Specialist in the art must be clear that the components of the communication and processing of this system can give a variety of configurations within the scope of this disclosure. In one such configuration, the processor 50 is not built into the integral surface panel 48, but instead is a local information wired or wireless connection with it. In such implementation processor 50 can be portable computer (not shown)used by the operator of the well, which establishes information link with the integrated land-based panel 48. A laptop computer can include a machine-readable carriers 52 and 54. In the version of the configuration integral surface panel 48 transmits the measured values on the remote computer or server on the wired, wireless, or satellite information line. Thus, the processor 50 and machine-readable carriers 52 and 54 are located at a distance from the integral surface panel 48. In each of these accomplishments integral surface panel 48 performs the same function as a router data that takes periodically measured values and processes them to the degree necessary, for transmission to the processor 50.

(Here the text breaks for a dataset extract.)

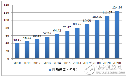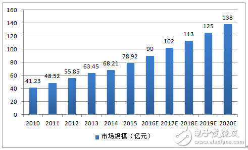 2010-2020 年中国射频连接器市场规模(亿元)

In Fig. 2 shows the block diagram of the sequence of actions that illustrate the implementation of the method 100 determine the cost of equipment for well completion with electropherogram pump. The way 100 can be presented in the form of machine-readable programs on machine-readable media, 52, so when the processor 50 performs read by the computer program, the processor 50 performs a way 100.

In the way 100 accept these two kinds: the dynamic data that represent the measured values that change over time, and static data, which are not time-sensitive pieces of information. At the stage 101 accept dynamic data. These dynamic data include pressure from 32 gauge on the side of the reception and the outlet pressure with a gauge 34 on the output side. Dynamic data also include voltage, current and frequency controlled with appropriate sensors ground switchgear 36. In some cases, they may also include power factor, if the transducer is mounted on the switchgear. From the dynamic data periodically take a sample, but the frequency of samples of different values may be different.

At the stage 102 accept static data. Static data includes distinctive features or physical characteristics of the components of the well. Static data include information on the length and type of cables used in the well, the coefficient of transformation and pump type. Data such as the transformation ratio can be used directly in calculations. Information such as the length and type of cables that you can use to get the value, which is used in calculations. However, static data of other types, such as the type of the pump, provide a way to select a certain number of values representing identifiable characteristics of the component. Therefore, on the basis of a block of static data, such as the type of the pump, you can get values like "flow rate (Q BEP ) at the point of a higher coefficient of performance (COP)and the initial efficiency (n p ) pump". These values remain in the screening table, so they are easily accessible to the processor after identifying the type of the pump.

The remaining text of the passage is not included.